Other Option: Fine-tuned Phi-3.5-mini-instruct
Even though it is highlighted here, It requires further exploration.
Initial findings as follows;
- Pros:
- Custom fine-tuning could improve performance for specific use cases.
- Cons:
- High resource requirements, making it unsuitable for an offline setup.
- Answer parsing is difficult.
Other Option: Azure AI Safety
Even though it is highlighted here, It requires further exploration.
Initial findings as follows;
- Pros:
- Comprehensive moderation capabilities.
- Cons:
- Not viable in a disconnected environment since it requires internet access.
Consequences
By adopting this decision:
- Self-Sufficiency: The solution operates independently, without cloud dependencies.
- Optimized Performance: The selected model balances latency and accuracy within local hardware constraints.
- Scalability: Future enhancements, such as fine-tuning and new datasets, can be added without disrupting the offline setup.
- Security & Compliance: The approach ensures full compliance with air-gapped environment policies.
Future Considerations
- Hardware Optimization: Investigate quantization to reduce model size and optimize inference speed.
- Security Dataset Expansion: Evaluate prompt injection datasets to enhance guardrails against adversarial inputs.
- Multi-Language Support: Provide more dataset with different language support.
- Fine-tuning Exploration: Consider lightweight fine-tuning methods to improve accuracy without significantly increasing resource usage.

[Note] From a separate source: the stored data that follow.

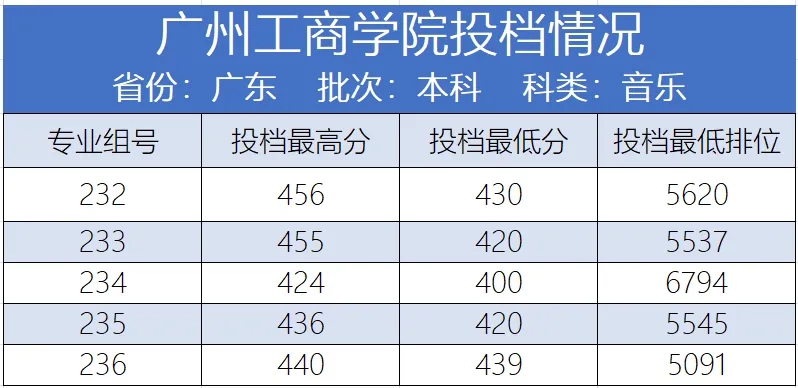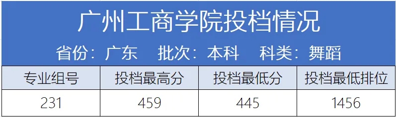 7月18-19日,广东省本科批次正式投档,我校舞蹈类231专业组、音乐类232、233专业组、美术类241专业组一次满档,其中,舞蹈类231专业组最低投档分455分,高出省控线40分,音乐类232专业组最低投档分430分,高出省控线38.75分,音乐类233专业组最低投档分420分,高出省控线28.75分,美术类241专业组最低投档分430分,高出省控线36.25分。普通类历史、普通类物理、美术与设计统考、音乐统考专业组投档后仍有缺额。请本科线上下的考生欢迎报考13714广州工商学院。
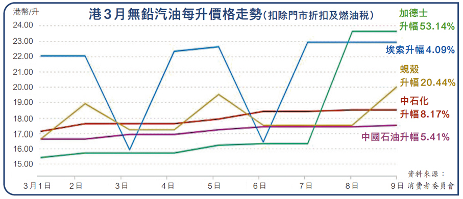 除了影響公共交通工具的費用,油價飆升亦可能影響本地物價,跨境貨運業代表蔣志偉表示,柴油出倉價過去兩周由每公升約4.9元升至約10.6元,營運成本大增,不少運輸公司已向客戶收取暫時性附加費,相信日用品、蔬菜等物價也會被推高。
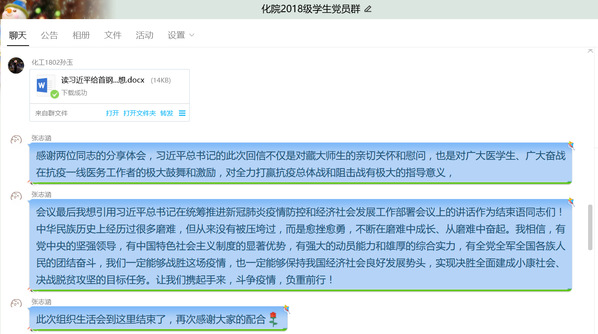 2月27日,2018级员工党员线上开展“斗争疫情,负重前行”专题学习会,通过介绍分享疫情现状、预防措施,鼓励大家在加强自我防护的同时积极向同学、家人宣传预防举措。与会员工党员认真学习了总书记回信和相关文件,并进行了疫情期间如何发挥好基层党组织战斗堡垒作用、员工党员先锋模范作用等话题的热烈讨论。2018级员工党员任浩飞在会议中说道:“这篇回信体现了习近平总书记对少数民族群众和医务工作者的关心与关爱,同时也激励我们广大青年以抗击疫情的白衣天使的榜样,不断努力奋斗,练就过硬本领,为祖国人民做贡献。”
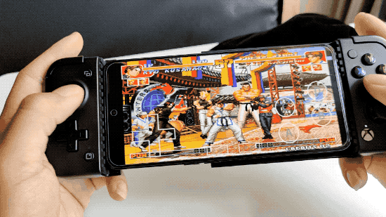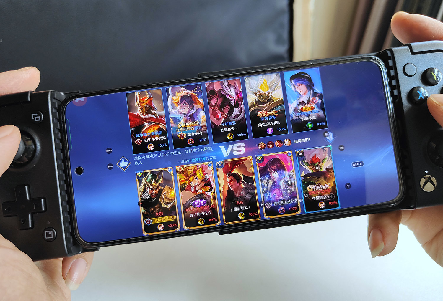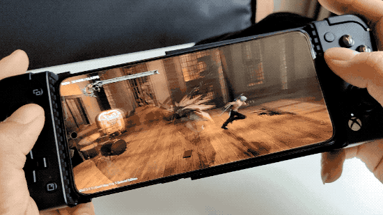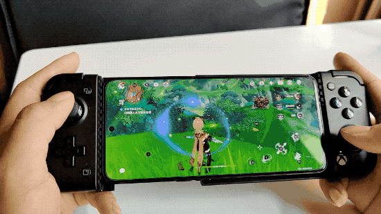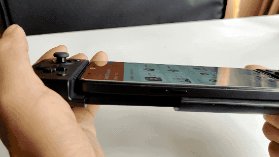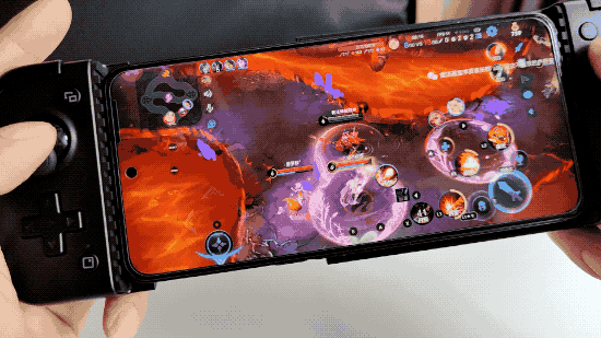 盖世小鸡X2 Pro游戏手柄自身是拉伸设计,弹性很好,可以很好的把手机夹在中间进行游戏。
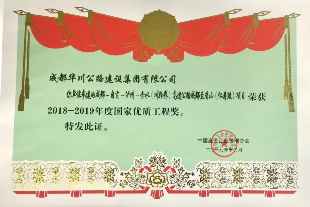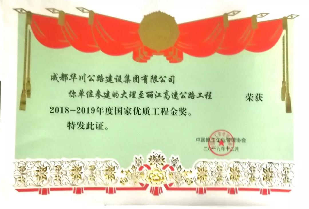 集團(tuán)在2018年組織申報(bào)的“大理-麗江高速公路”、“成都-自貢-瀘州-赤水高速成仁段”項(xiàng)目于今年12月分別榮獲“國家優(yōu)質(zhì)工程金獎”、“國家優(yōu)質(zhì)工程獎”兩項(xiàng)殊榮,實(shí)現(xiàn)了集團(tuán)參建工程在國家優(yōu)質(zhì)工程(金)獎上的突破。
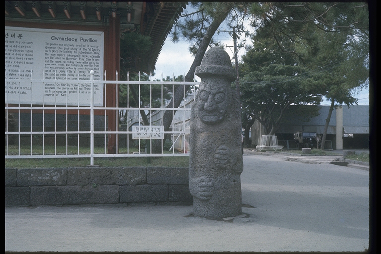 * 개요 : 관덕정 앞 북쪽에 세워진 돌하르방이다. 돌하르방은 제주특별자치도 민속자료 제2호이며 조선시대 제주목 성문 앞에 세워졌던 석상이다. ‘우석목’, ‘무석목’, ‘옹중석’ 으로도 불리는 돌하르방은 성문 입구에 서로 마주보게 배치되어 마을의 평안과 융성을 지켜주는 수호신적 기능, 사악한 것을 막는 주술 종교적 기능, 성안과 밖을 나누는 경계 구분, 성문 출입을 제한하는 위치 표지 및 금지 표시 등의 기능이 있었다고 보고 있다. 제주현·정의현·대정현 등 지역에 따라 조금씩 크기나 모습에 차이가 있지만, 머리에 꼭 끼는 벙거지 모자, 부리부리한 왕방울 눈, 몽툭한 주먹코, 굳게 다문 입, 배 부분에 가지런히 모아 붙인 손 모습 등은 공통적인 모습이다. 제주도 특유의 해학과 풍자스런 분위기를 풍기는 조각물로서 오늘날 제주의 대표적인 상징물 중 하나이다.
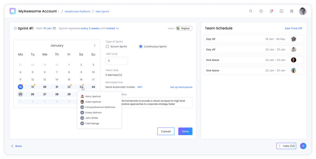 Our users always appreciated New Sprint capacity calculations. We separated Time Off schedules on New Sprint page to provide better visibility and also updated the calculation so that its based only on Dev, QA, and UI/UX team members.

- Deployment Strategy Exploration: Consider packaged, k3s and other deployment strategies to deliver application.
AI and automation capabilities described in this scenario should be implemented following responsible AI principles, including fairness, reliability, safety, privacy, inclusiveness, transparency, and accountability. Organizations should ensure appropriate governance, monitoring, and human oversight are in place for all AI-powered solutions.